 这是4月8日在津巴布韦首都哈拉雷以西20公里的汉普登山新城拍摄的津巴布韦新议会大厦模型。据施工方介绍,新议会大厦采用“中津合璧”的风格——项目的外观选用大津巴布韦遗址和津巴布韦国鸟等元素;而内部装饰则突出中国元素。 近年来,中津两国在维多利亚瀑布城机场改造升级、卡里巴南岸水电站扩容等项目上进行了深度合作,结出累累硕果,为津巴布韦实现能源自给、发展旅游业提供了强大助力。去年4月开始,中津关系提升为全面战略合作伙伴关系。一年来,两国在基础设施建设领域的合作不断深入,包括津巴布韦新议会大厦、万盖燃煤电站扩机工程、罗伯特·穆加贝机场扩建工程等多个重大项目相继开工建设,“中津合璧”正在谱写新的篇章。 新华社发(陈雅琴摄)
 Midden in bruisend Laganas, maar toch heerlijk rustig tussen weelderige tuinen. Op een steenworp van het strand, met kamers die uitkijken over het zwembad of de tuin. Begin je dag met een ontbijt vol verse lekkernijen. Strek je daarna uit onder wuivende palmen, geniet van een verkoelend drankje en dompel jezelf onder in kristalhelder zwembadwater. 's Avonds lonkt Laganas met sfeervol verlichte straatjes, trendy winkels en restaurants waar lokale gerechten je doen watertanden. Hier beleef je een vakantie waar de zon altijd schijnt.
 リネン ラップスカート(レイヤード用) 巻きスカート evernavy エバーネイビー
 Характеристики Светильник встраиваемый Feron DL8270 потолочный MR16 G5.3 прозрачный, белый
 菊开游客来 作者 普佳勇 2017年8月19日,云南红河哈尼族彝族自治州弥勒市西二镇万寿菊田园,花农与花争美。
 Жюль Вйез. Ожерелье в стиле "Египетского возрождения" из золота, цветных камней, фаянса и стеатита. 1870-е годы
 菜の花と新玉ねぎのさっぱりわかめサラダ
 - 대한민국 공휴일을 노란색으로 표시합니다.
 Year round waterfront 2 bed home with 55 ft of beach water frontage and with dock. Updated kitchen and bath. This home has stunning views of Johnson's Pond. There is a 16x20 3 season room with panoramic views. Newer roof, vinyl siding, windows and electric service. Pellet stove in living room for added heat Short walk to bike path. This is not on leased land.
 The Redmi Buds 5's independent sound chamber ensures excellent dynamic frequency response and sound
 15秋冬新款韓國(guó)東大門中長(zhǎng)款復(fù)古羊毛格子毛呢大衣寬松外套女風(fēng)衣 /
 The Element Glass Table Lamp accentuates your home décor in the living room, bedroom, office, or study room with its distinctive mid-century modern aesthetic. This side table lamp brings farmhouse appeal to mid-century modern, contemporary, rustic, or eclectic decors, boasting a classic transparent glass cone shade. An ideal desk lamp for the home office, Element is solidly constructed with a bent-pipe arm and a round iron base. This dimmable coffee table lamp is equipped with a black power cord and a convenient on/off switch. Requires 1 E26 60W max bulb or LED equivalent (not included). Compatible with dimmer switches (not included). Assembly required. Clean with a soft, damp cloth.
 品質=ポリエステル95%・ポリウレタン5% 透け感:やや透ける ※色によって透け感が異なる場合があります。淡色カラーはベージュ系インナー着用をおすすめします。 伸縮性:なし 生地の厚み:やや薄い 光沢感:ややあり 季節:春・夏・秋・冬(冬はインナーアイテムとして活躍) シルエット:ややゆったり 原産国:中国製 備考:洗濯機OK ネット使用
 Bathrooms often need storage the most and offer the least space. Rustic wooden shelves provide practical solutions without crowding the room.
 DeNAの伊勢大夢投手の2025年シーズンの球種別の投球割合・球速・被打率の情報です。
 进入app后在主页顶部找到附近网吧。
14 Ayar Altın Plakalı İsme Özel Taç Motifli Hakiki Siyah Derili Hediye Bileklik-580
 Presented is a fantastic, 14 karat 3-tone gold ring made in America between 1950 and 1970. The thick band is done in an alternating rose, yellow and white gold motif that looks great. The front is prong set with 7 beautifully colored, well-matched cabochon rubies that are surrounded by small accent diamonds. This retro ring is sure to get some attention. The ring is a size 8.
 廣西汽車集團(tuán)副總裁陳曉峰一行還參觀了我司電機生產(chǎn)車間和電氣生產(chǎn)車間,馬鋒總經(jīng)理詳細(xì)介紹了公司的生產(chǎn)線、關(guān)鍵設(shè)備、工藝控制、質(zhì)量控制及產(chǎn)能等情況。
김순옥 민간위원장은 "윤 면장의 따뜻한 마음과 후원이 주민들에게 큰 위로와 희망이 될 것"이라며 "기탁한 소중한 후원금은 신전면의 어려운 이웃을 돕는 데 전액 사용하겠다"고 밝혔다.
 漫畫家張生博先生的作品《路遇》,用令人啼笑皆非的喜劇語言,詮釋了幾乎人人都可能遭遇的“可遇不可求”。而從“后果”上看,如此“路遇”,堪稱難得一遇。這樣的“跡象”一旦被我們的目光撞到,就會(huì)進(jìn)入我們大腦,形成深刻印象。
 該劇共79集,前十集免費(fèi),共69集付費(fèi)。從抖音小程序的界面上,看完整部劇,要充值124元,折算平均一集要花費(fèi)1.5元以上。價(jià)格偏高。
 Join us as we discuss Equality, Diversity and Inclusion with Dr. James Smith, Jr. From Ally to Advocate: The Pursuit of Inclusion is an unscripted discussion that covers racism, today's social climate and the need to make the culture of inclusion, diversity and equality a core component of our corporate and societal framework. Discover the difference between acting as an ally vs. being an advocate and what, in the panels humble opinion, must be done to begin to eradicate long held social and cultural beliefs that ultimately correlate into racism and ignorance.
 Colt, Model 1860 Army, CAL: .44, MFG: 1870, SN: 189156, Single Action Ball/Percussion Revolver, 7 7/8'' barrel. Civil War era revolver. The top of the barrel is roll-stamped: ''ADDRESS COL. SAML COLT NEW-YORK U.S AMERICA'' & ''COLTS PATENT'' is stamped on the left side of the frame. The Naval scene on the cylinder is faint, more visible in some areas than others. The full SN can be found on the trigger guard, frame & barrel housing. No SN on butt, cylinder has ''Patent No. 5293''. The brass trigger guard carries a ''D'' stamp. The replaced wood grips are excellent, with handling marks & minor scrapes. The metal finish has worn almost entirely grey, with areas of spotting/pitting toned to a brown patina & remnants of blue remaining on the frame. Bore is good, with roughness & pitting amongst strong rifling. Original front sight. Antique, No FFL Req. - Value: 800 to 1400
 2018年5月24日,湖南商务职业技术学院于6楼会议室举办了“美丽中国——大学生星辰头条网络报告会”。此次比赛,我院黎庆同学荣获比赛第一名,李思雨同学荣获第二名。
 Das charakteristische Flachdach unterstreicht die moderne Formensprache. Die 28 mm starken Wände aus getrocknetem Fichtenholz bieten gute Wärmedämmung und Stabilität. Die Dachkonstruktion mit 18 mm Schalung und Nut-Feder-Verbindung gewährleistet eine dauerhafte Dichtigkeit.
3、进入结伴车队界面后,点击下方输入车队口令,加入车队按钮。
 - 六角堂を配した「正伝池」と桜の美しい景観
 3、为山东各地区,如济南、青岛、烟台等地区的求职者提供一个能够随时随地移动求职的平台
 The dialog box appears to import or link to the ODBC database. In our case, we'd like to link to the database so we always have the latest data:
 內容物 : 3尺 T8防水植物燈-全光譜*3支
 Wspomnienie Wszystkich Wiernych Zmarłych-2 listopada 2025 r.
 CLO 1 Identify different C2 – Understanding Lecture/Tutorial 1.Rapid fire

☆ ☆ ☆

Beginning with the line that contains "Wspomnienie Wszystkich Wiernych", quote each line exactly through the last line of the entries above, and nothing beyond them.

 Wspomnienie Wszystkich Wiernych Zmarłych-2 listopada 2025 r.
 CLO 1 Identify different C2 – Understanding Lecture/Tutorial 1.Rapid fire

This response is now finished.